O TSD Advogados atua nesse tipo de caso e pode fazer uma avaliação inicial da sua situação. Se quiser conversar, o caminho mais direto é pelo WhatsApp.
Perguntas frequentes
O plano pode negar a bomba de insulina alegando que não está no contrato? Não, se a doença está coberta e o dispositivo é necessário ao tratamento. O entendimento consolidado é que a operadora cobre a doença — e não pode excluir o meio necessário para tratá-la.

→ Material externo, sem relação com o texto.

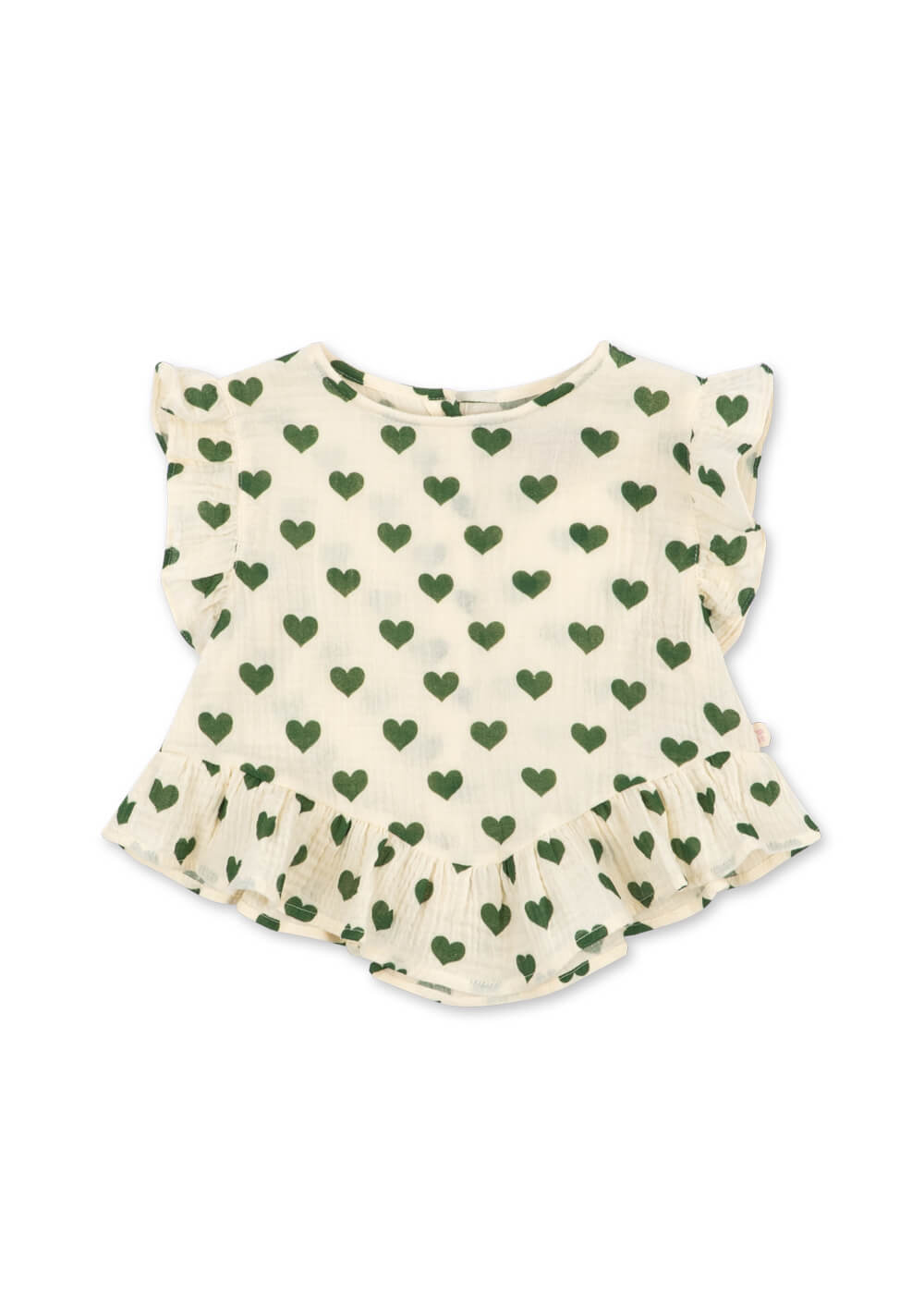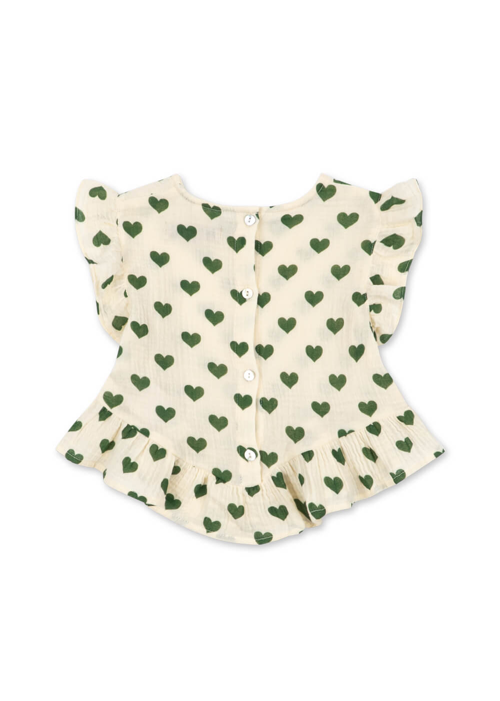 Let og luftig Coco top i blød muslin med fint all-over hjerteprint.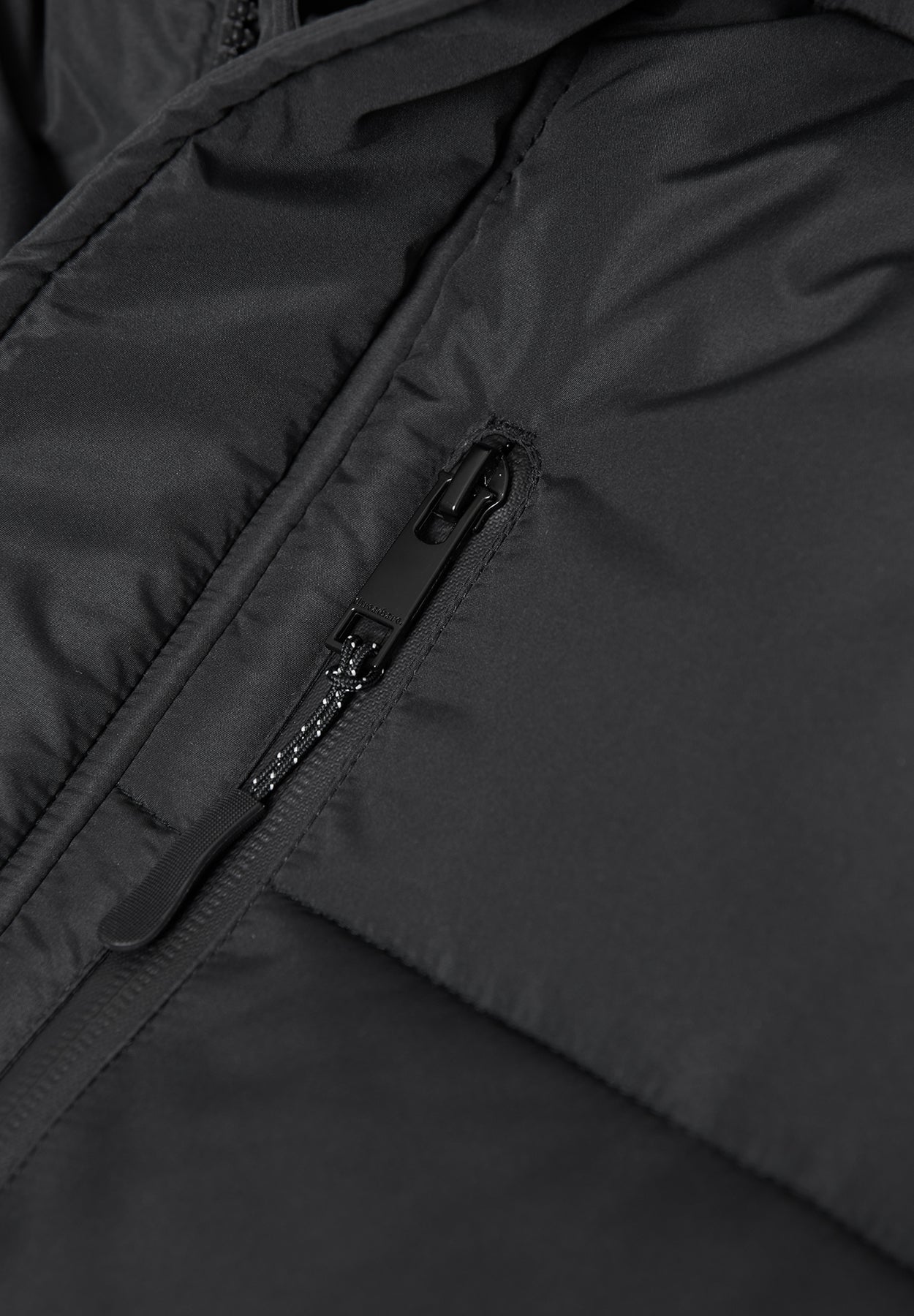 - 2-way front zip with concealed snap fastening and storm guard

E os insumos da bomba (cânulas, reservatórios)? Também são cobertos? Sim. Os insumos consumíveis da bomba fazem parte do tratamento. A lógica é a mesma: negar o insumo é, na prática, negar o tratamento.
Quanto tempo leva para conseguir uma liminar nesse tipo de caso? Depende do juiz, da vara e da documentação apresentada. Não existe prazo garantido — mas casos com urgência médica bem documentada tendem a ser analisados com prioridade.
Se eu já paguei do próprio bolso pela bomba, posso ser reembolsado? Possivelmente sim, se a negativa foi indevida. Isso precisa ser avaliado caso a caso, com análise do contrato e da documentação da compra.
A negativa do plano de saúde pode gerar indenização por dano moral? Em muitos casos, sim. Negar cobertura de tratamento médico necessário vai além de um descumprimento contratual — causa sofrimento real e documentável. Os tribunais têm reconhecido dano moral nessas situações com frequência.